Bomb Blasts Stability on Election Eve

The explosion of a bomb in Moscow's Metro looks much like the work of political terrorists bent on destabilizing the situation in Russia on the eve of elections. They must not be allowed to succeed.

If the bomb was indeed placed by political terrorists -- and that is still only a hypothesis -- they have already done much of the harm they set out to do. The bomb has claimed four innocent lives and wounded 12 others, providing grisly proof of how vulnerable Russian society is to this sort of attack.

For years, with every political campaign and each new Russian offensive in Chechnya, Muscovites have been living in expectation of a terrorist attack on the Metro, knowing full well that it cannot be defended. Now these fears have been realized.

But whether the explosion was related to the war in Chechnya, Sunday's presidential elections or just a sick mind, the effect is manifestly the same. Tuesday night's explosion has unsettled an already delicate political situation, arousing the worst fears among the electorate and creating an atmosphere of political violence in Russia's capital city.

That much harm has already been done. But it is important that this act of violence not be used to justify inflicting still greater damage on Russia's nascent democracy.

Sadly, Mayor Yury Luzhkov has not waited for evidence before jumping to the conclusion that the bomb is the work of communist sympathizers bent on preventing the elections.
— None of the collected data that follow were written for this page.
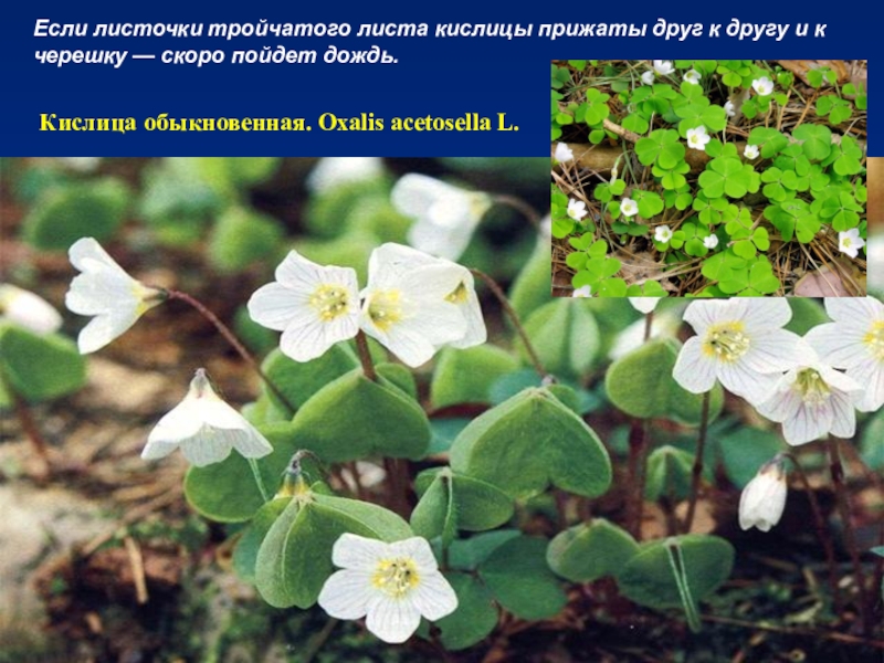 Слайд 33Если листочки тройчатого листа кислицы прижаты друг к другу и к
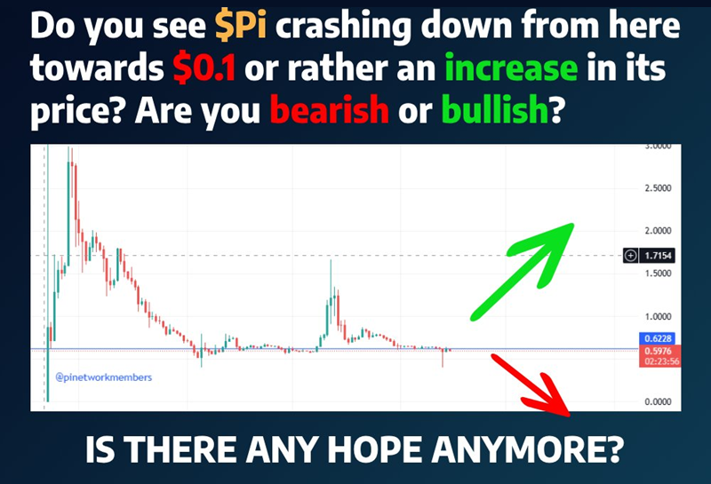 Акаунт X Pinetworkmember заявив, що Pi Network знаходиться на критичному етапі. Згідно з аналізом, ціна PI може впасти до 0,1 долара або різко піднятися до 1,7 долара. Результат залежатиме від ринкових факторів та реакції спільноти. Проте аналітик схиляється до ведмежого сценарію.
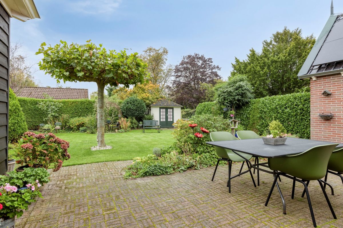 Buiten geniet je van een eigen oprit, een stenen garage met vliering, een ruime, groene tuin met houten berging en volop privacy. De tuin ligt op het zuidwesten, wat zorgt voor zon van ’s morgens vroeg tot in de late avond – de ideale plek om te ontspannen met een goed glas wijn of een barbecue.
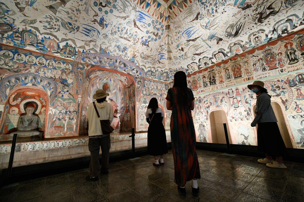 2024年6月7日,在敦煌石窟文物保護研究陳列中心,游客參觀莫高窟復制洞窟第276窟壁畫。新華社記者 郎兵兵 攝 “莫高窟無疑是敦煌最具標志性的瑰寶,這里是世界上現存歷史最悠久、規模最宏大、內容最豐富、保存最完整的佛教藝術寶庫之一,被譽為‘大漠里的藝術館’。”蘭州大學敦煌學研究所所長鄭炳林說。
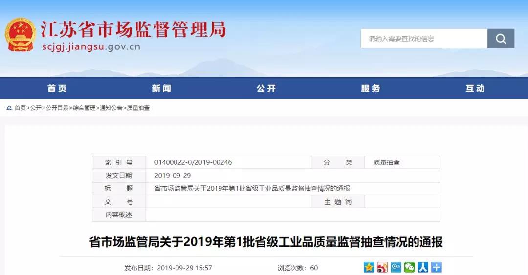 日前,江蘇省市場(chǎng)監(jiān)督管理局網(wǎng)站發(fā)布關(guān)于2019年第1批省級(jí)工業(yè)品質(zhì)量監(jiān)督抽查情況的通報(bào)。
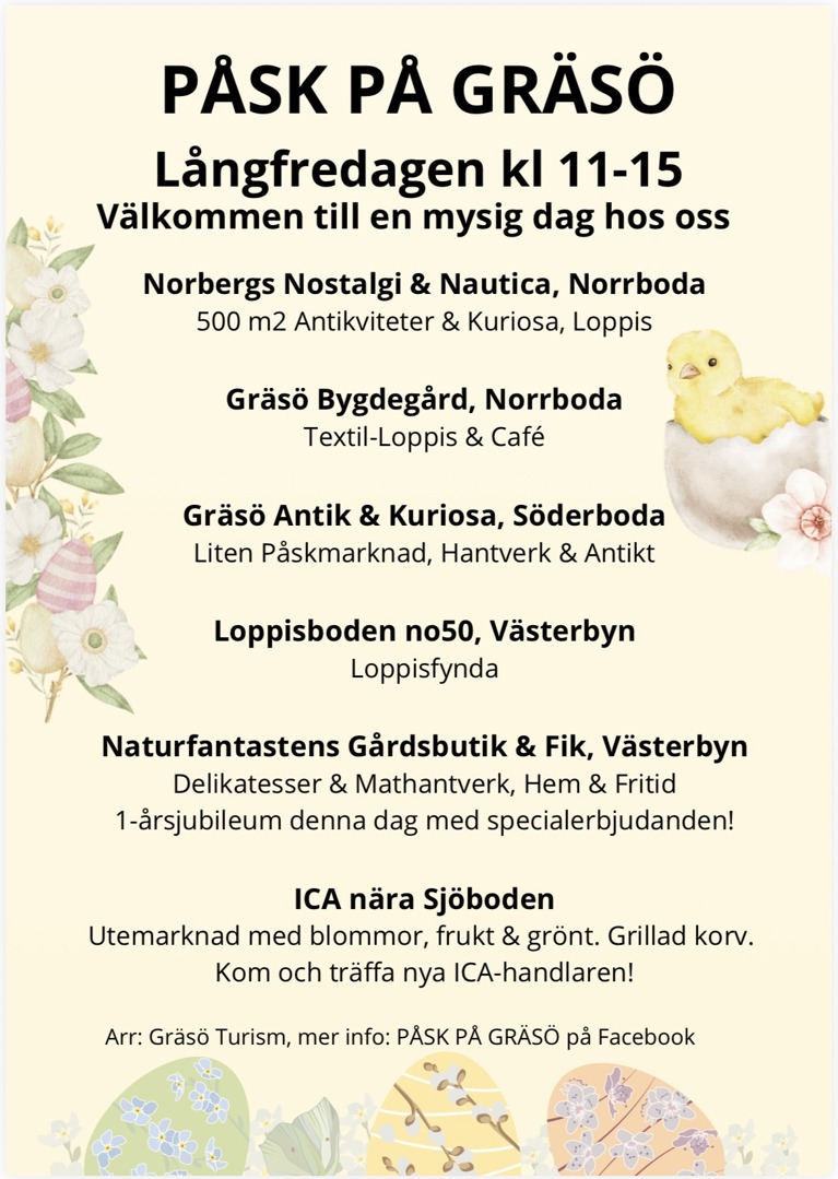 Under Påsk på Gräsö på Långfredagen, kan du besöka flera av öns verksamheter och träffa producenter och… läs mer inne i evenemanget
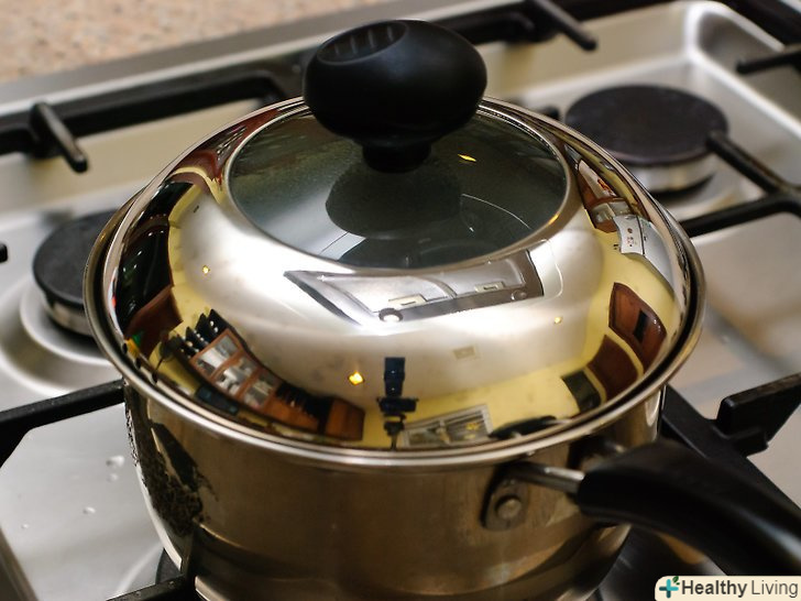 Дайте воді закипіти на слабкому вогні.як тільки вода закипить, накрийте каструлю кришкою і приберіть з гарячої конфорки.
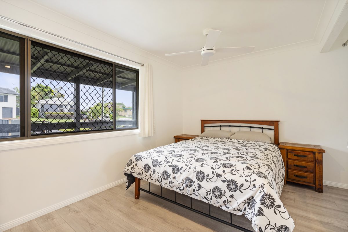 Inside, the light-filled interior features four well-sized bedrooms, all complete with ceiling fans for year-round comfort. The kitchen has been tastefully renovated, showcasing a timber benchtop, quality finishes, and a functional design that connects seamlessly with the living spaces.
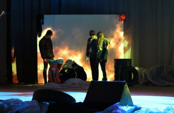 Виставу «Ромео та Джульєтта на Майдані» поставили сьогодні, 13 березня, у луцькому Палаці учнівської молоді.
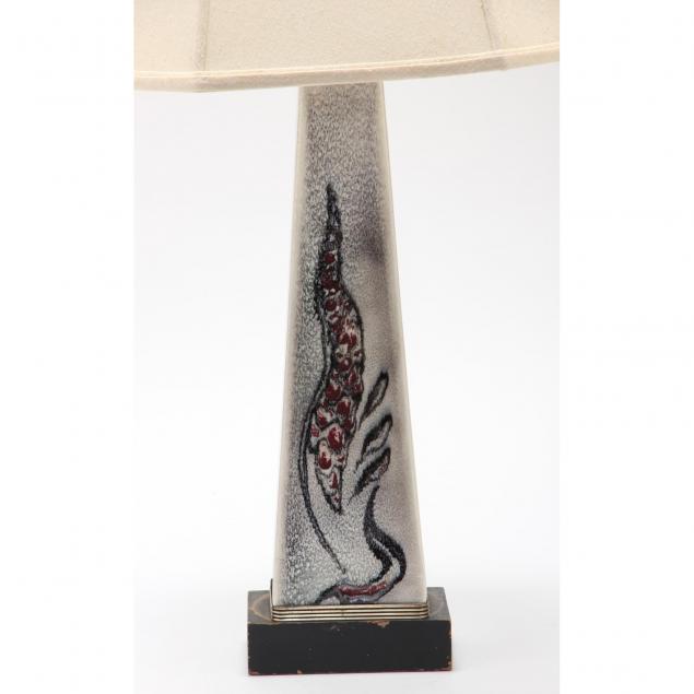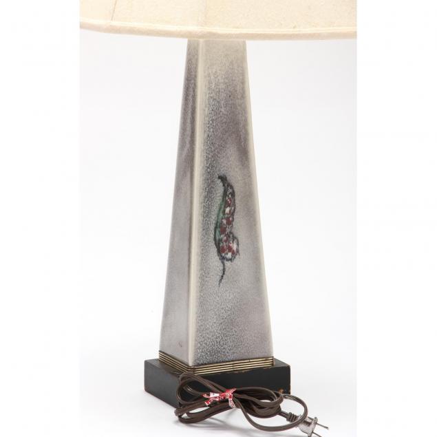 Pyramid form emblazoned with abstract floral design against a mottled gray-blue ground, on ebonized plinth, unmarked, linen shade.
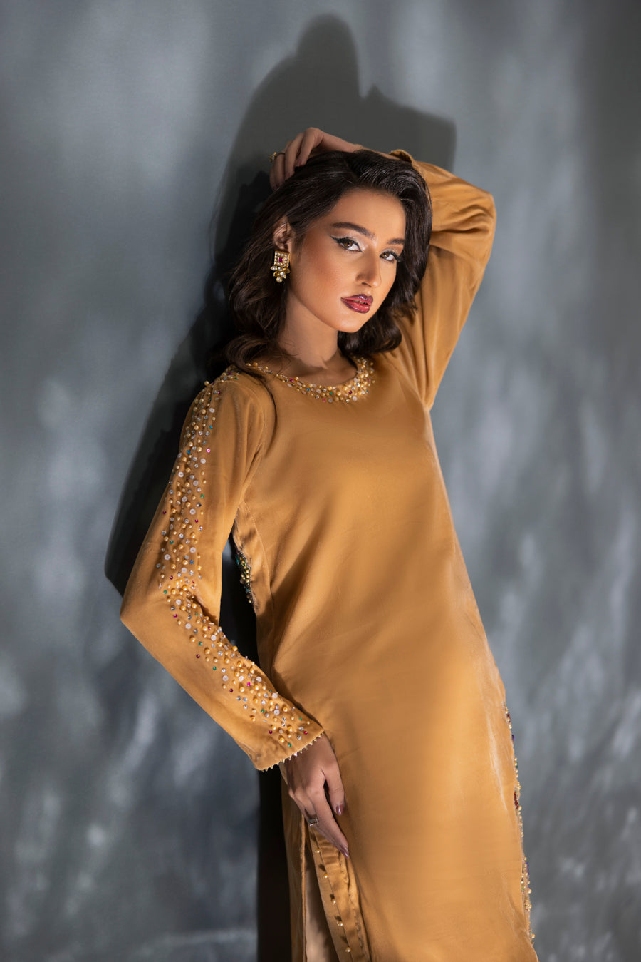 Style: Long straight-cut shirt with full embellished sleeves and matching trouser
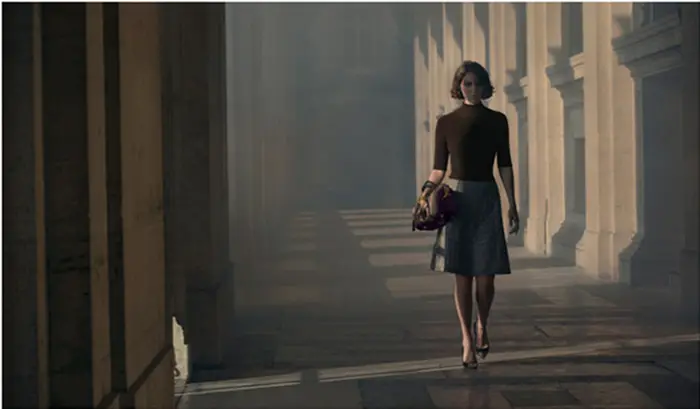 ¿Y ahora? ahora Louis Vuitton tiene una historia que contarnos… y esa historia empieza en los complementos que luce ella en su huída del Louvre: una nueva, elegante y sofisticada versión del icónico bolso Speedy Bandoulière; un brazalete de metal dorado con el clásico cierre Vuitton; un intrincado y floral anillo de oro y los zapatos, salones clásicos y en piel con un inequívoco detalle de la casa sobre el talón: un candado.
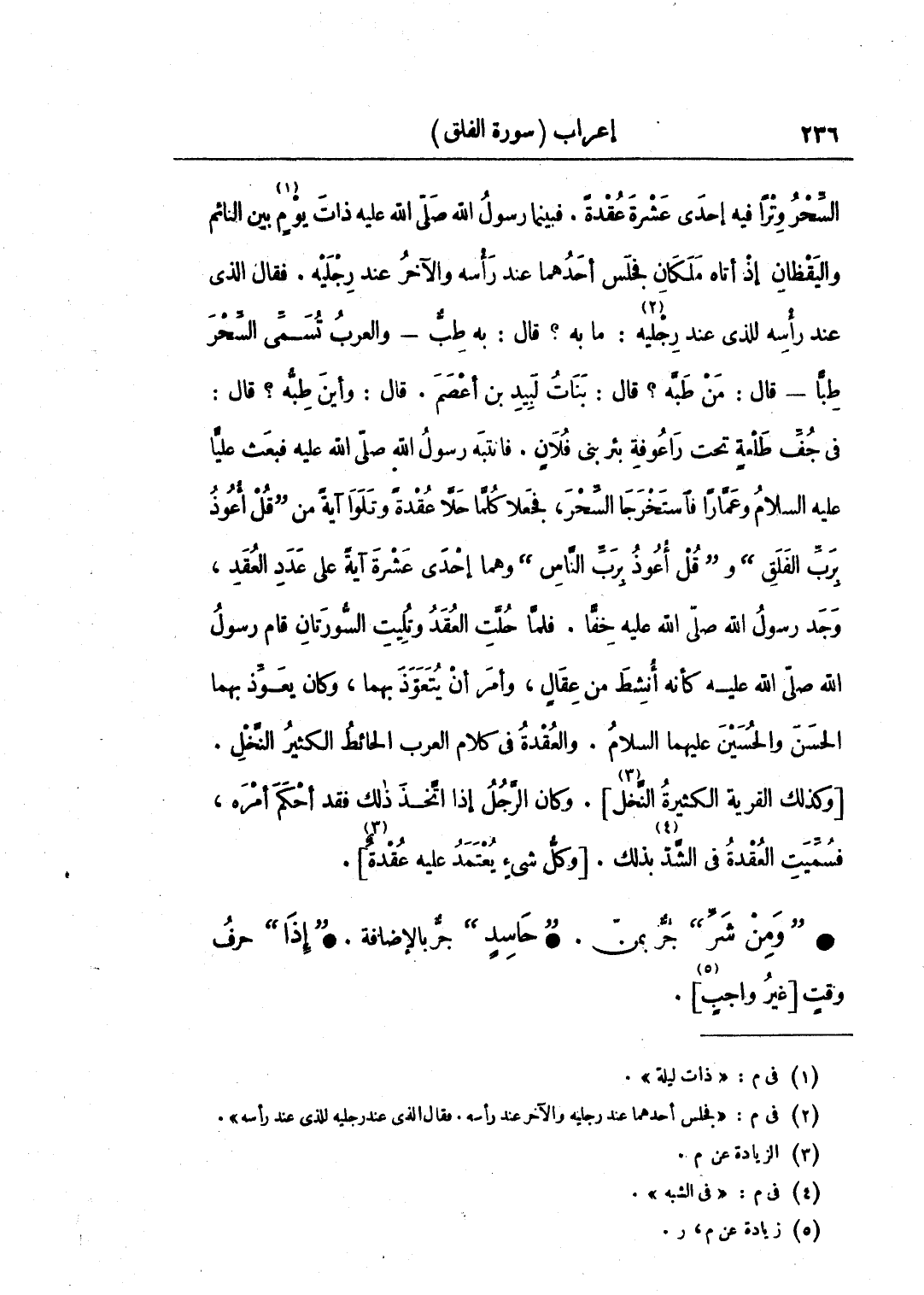 السحر وترًا فيه إحدى عشرة عقدة. فبينما رسول الله صلى الله عليه ذات يوم بين النائم واليقظان إذ أتاه ملكان فجلس أحدهما عند رأسه والآخر عند رجليه. فقال الذي عند رأسه للذي عند رجليه: ما به؟ قال: به طب- والعرب تسمى السحر طبا- قال من طبه؟ قال: بنات لبيد بن أعصم. قال وأين طبه؟ قال في جف طلعة تحت راعوفة بئر بني فلان. فانتبه رسول الله صلى الله عليه فبعث عليا عليه السلام وعمارا فاستخرجا السحر، فجعلا كلما حلا عقدة وتلوا آية من "قل أعوذ برب الفلق"، و "قل أعوذ برب الناس" وهما إحدى عشرة آية على عدد العقد، وجد رسول الله صلى الله عليه خفا. فلما حلت العقد وتليت السورتان قام رسول الله صلى الله عليه كأنه أنشط من عقال. وأمر أن يتعوذ بهما، وكان يعوذ بهما الحسن والحسين عليهما السلام. والعقدة في كلام العرب الحائط الكثير النخل. [وكذلك القرية الكثيرة النخل]. وكان الرجل إذا اتخذ ذلك فقد أحكم أمره، فسميت العقدة في الشد بذلك. وكل شيء يعتمد عليه عقدة.
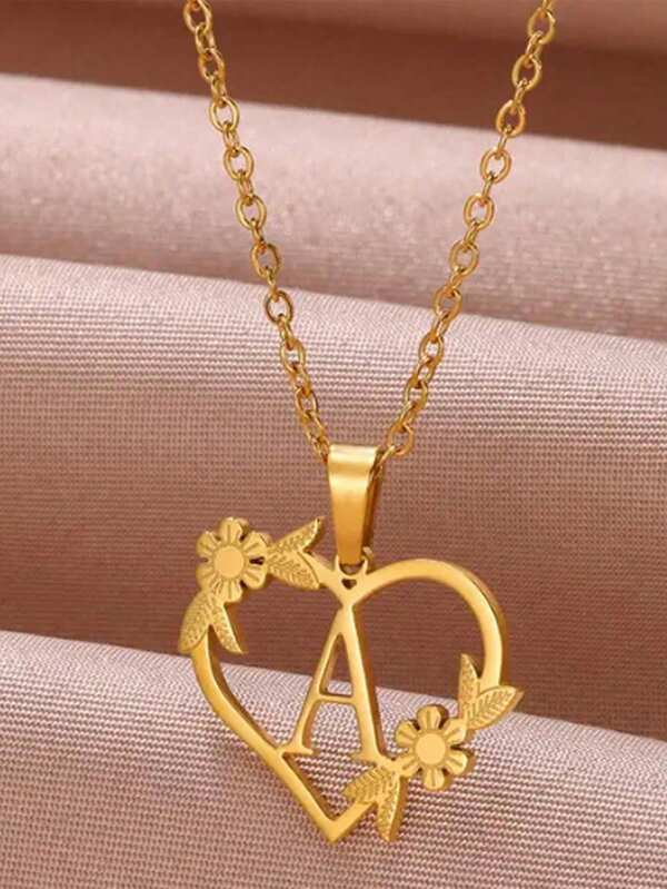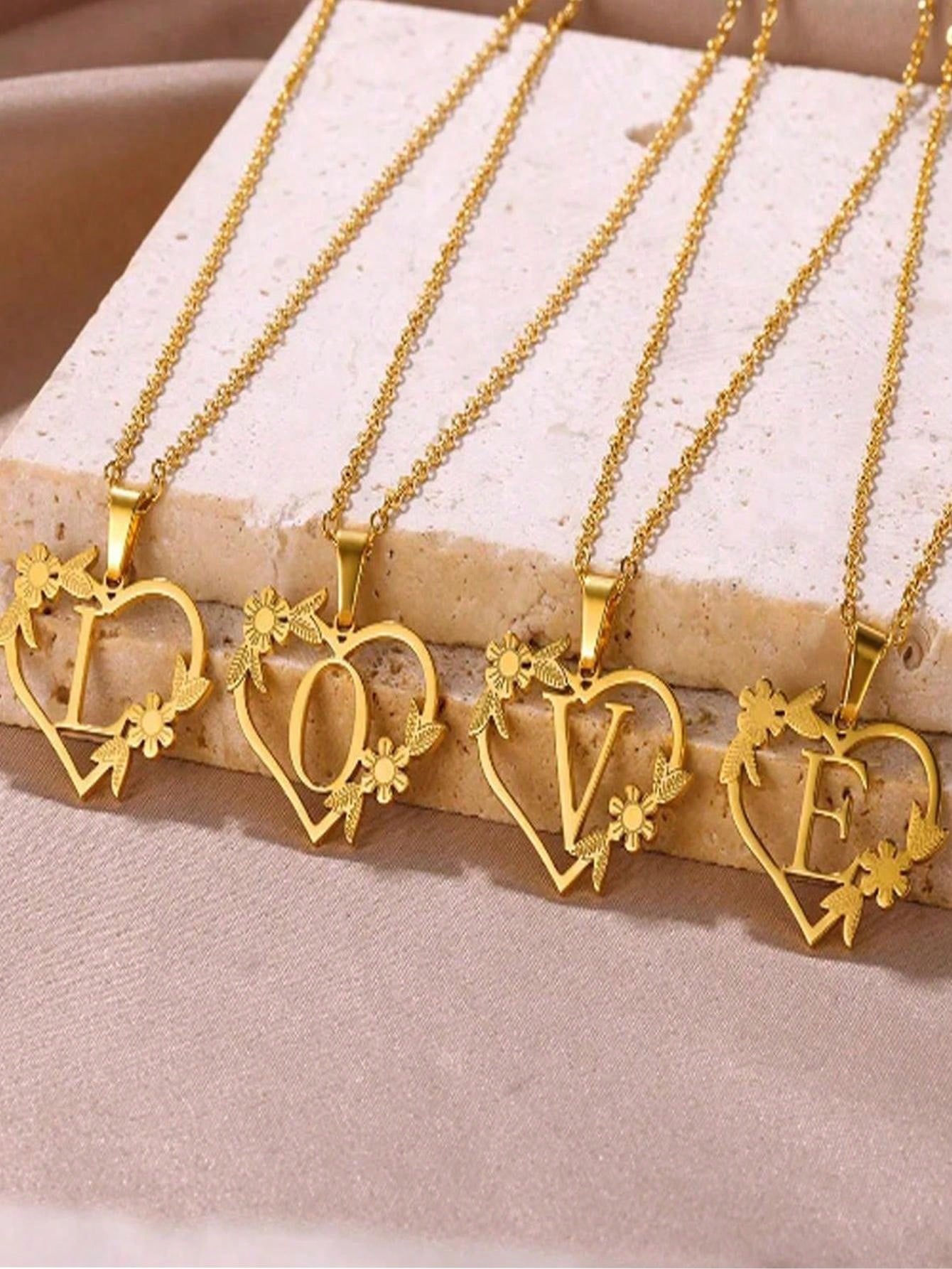 1PC Fashion Creative Ladies Stainless Steel Hollow Love Flower A-Z26 Letter Necklace Suitable For Gifts To Commemorate Valentine's Day Gifts
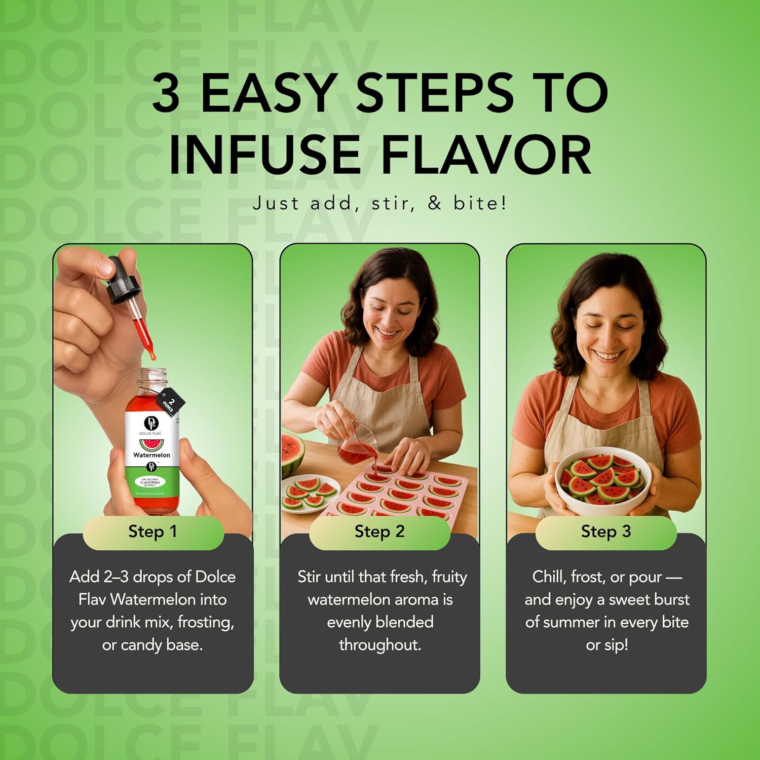 - Perfect for Crafting Confectionery Delights: Our watermelon flavoring infuses your culinary creations with the bold and authentic taste of ripe watermelon, excelling in recipes where traditional extracts may fall short, ensuring a burst of refreshing fruity goodness.

Having already blamed hard-left leaders like Viktor Anpilov for the bomb that wounded his running mate Valery Shantsev on Friday, Luzhkov has decided Tuesday's bomb is "part of the same chain," the work of "reactionary political forces."

The Communist Party has denied responsibility for the bomb, proposing its own politically charged version of events. Duma security committee chairman Viktor Ilyukhin has talked of a provocation by dark forces in the government, who want a pretext for undermining a communist victory in the elections.

Both comments are hotheaded and only help the cause of the bombers. By leaping to smear their political opponents with the blood of terrorism, both sides are playing a very dangerous game.

Russia's presidential candidates should not use this tragedy to score points, but should instead stress the fundamental message that violent extremism is unacceptable whatever its source. And the fact is that nobody yet knows the source of this attack, unless they were responsible themselves.

Until clear evidence exists on who planted the bomb, the sole response should be to condemn the violence. Speculating on which of one's enemies may have been responsible only generates the insecurity and suspicion that are the goal of terrorism.